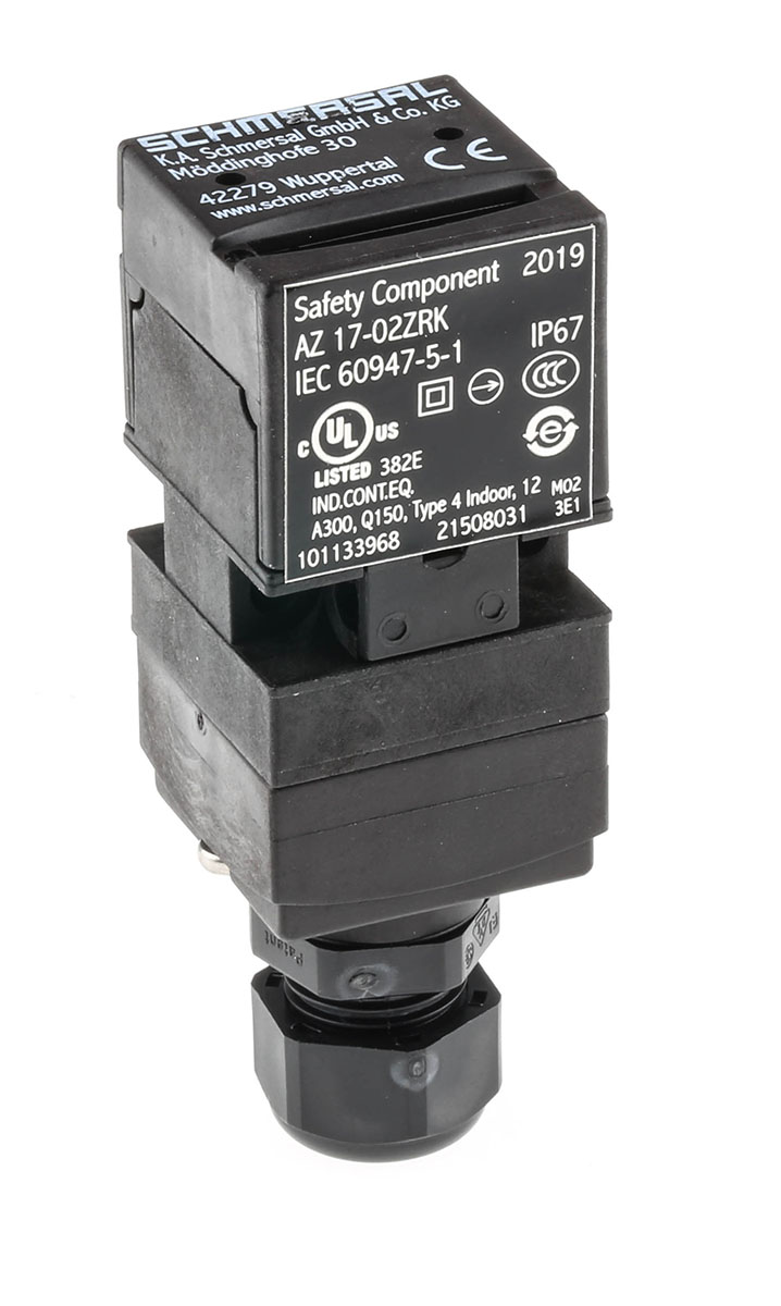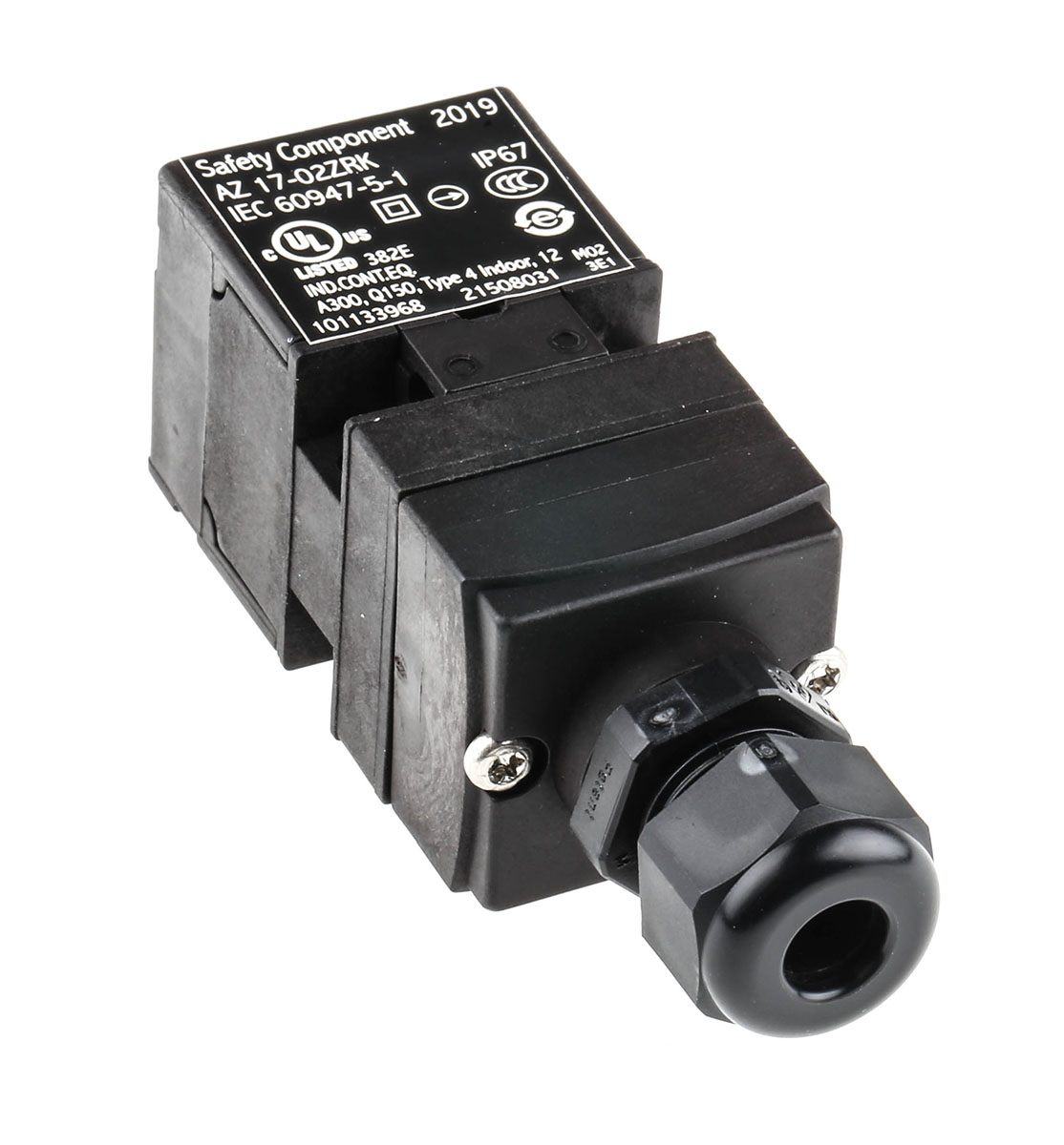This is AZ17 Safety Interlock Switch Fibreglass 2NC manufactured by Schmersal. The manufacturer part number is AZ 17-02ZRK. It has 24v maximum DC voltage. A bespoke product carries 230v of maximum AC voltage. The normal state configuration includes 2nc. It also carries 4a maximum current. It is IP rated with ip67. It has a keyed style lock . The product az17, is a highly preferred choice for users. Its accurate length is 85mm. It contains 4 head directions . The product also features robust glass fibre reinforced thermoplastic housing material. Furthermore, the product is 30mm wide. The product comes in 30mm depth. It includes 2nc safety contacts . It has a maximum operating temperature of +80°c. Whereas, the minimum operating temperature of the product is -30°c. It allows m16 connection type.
---
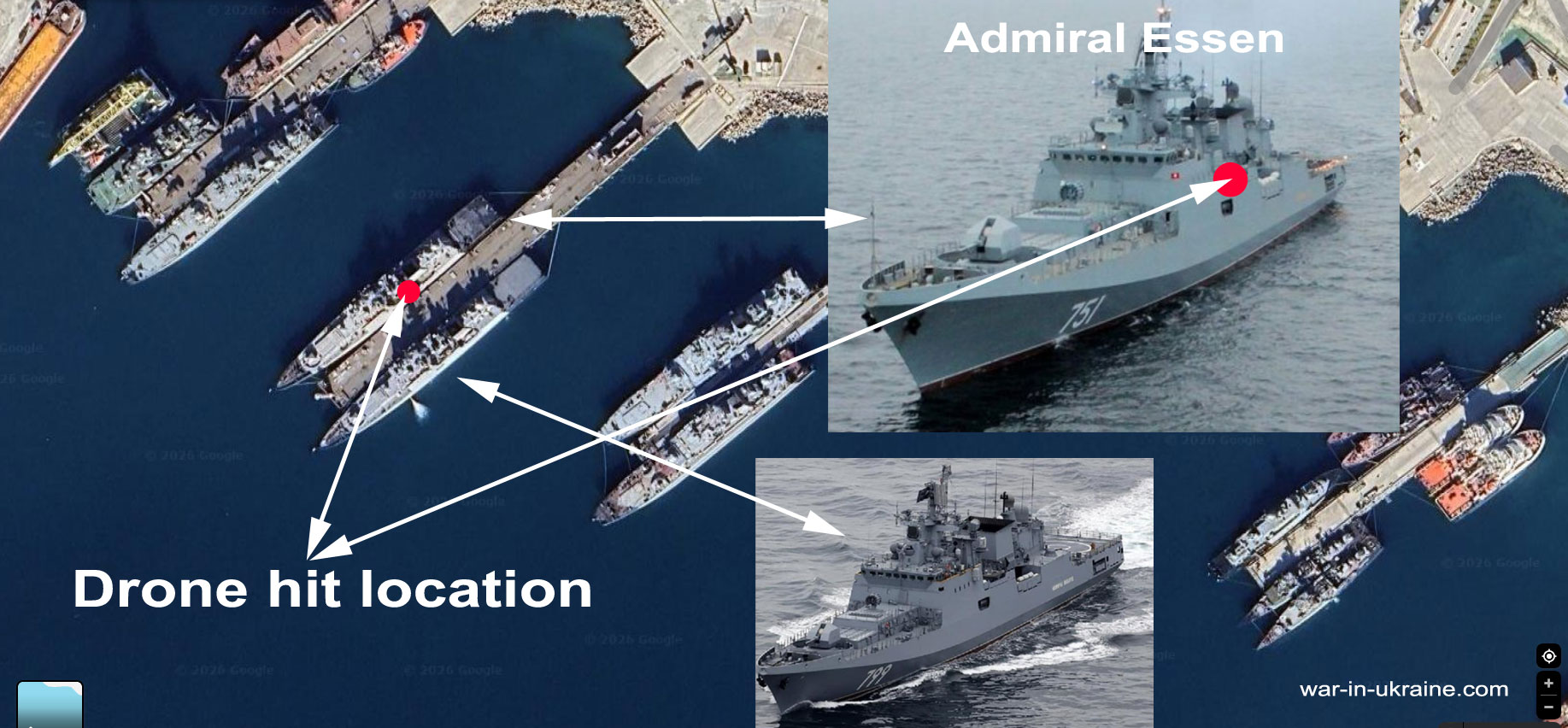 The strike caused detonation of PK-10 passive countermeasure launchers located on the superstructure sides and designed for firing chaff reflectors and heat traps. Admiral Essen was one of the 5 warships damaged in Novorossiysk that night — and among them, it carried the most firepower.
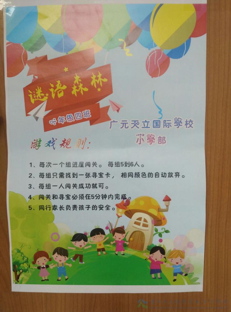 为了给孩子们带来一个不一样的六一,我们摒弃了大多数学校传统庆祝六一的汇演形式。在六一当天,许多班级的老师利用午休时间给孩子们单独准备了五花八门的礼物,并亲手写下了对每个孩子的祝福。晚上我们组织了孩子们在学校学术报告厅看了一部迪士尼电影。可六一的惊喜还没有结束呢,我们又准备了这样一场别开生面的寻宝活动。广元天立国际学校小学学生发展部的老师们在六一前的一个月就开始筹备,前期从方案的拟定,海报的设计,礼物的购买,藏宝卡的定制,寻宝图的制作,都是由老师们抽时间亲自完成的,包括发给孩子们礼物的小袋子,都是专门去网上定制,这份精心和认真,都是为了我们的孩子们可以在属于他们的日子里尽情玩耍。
--
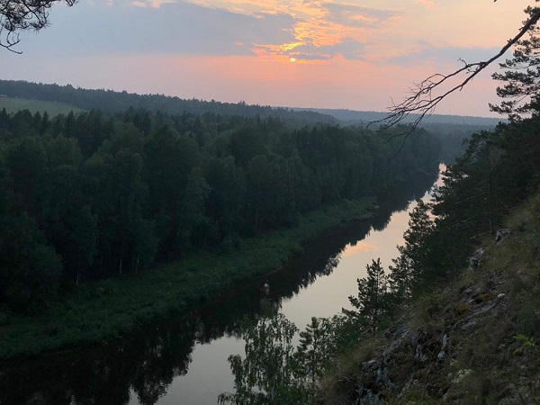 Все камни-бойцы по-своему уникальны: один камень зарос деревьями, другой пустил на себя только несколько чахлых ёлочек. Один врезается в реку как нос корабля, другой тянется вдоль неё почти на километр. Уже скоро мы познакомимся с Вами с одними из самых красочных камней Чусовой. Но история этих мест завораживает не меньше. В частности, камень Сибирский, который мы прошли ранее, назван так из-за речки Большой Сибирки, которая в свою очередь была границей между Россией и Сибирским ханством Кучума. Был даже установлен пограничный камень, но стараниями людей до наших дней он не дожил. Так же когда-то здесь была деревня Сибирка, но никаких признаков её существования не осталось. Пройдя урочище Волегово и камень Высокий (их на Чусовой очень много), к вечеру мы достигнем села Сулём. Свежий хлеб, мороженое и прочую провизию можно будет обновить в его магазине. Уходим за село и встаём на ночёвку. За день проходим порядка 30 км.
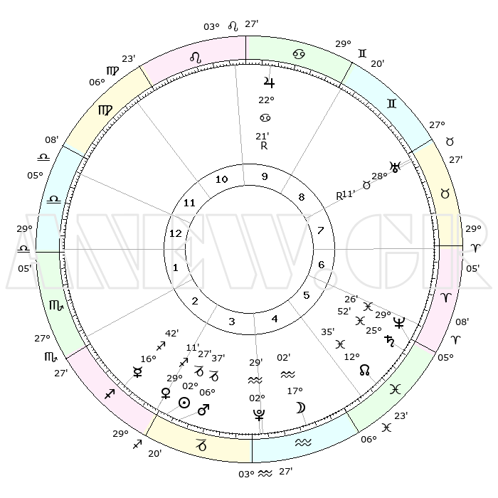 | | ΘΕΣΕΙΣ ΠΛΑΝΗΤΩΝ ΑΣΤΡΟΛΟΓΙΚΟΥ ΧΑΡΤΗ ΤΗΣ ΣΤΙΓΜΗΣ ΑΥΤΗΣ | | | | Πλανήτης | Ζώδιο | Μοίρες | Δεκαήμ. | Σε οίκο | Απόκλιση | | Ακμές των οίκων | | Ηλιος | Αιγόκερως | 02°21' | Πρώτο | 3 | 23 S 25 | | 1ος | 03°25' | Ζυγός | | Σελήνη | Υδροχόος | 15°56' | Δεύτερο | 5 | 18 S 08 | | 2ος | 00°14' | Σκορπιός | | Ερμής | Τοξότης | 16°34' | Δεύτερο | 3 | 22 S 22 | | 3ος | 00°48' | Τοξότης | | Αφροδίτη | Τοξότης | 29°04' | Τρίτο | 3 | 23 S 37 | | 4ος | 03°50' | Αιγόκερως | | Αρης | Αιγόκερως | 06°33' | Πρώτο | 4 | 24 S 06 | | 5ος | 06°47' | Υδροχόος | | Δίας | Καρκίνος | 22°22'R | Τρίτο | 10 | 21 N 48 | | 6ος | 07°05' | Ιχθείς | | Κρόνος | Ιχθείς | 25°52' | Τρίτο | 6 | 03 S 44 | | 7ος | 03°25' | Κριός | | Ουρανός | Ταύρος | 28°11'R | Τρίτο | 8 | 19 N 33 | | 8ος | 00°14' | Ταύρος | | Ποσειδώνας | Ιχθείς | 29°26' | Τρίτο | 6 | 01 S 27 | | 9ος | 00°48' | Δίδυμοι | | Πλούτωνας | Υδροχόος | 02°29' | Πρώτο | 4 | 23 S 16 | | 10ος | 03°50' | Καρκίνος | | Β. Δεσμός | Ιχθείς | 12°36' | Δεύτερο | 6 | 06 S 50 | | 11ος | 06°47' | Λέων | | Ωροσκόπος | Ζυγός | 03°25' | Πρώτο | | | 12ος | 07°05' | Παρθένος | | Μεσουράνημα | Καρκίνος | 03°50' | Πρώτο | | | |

■ WHAT TO DO
Output should consist of the lines above from the one with "The strike caused" down to the one with "为了给孩子们带来一个不一样的", exact and without pictures.

■ EXERCISE OUTPUT
 The strike caused detonation of PK-10 passive countermeasure launchers located on the superstructure sides and designed for firing chaff reflectors and heat traps. Admiral Essen was one of the 5 warships damaged in Novorossiysk that night — and among them, it carried the most firepower.
 为了给孩子们带来一个不一样的六一,我们摒弃了大多数学校传统庆祝六一的汇演形式。在六一当天,许多班级的老师利用午休时间给孩子们单独准备了五花八门的礼物,并亲手写下了对每个孩子的祝福。晚上我们组织了孩子们在学校学术报告厅看了一部迪士尼电影。可六一的惊喜还没有结束呢,我们又准备了这样一场别开生面的寻宝活动。广元天立国际学校小学学生发展部的老师们在六一前的一个月就开始筹备,前期从方案的拟定,海报的设计,礼物的购买,藏宝卡的定制,寻宝图的制作,都是由老师们抽时间亲自完成的,包括发给孩子们礼物的小袋子,都是专门去网上定制,这份精心和认真,都是为了我们的孩子们可以在属于他们的日子里尽情玩耍。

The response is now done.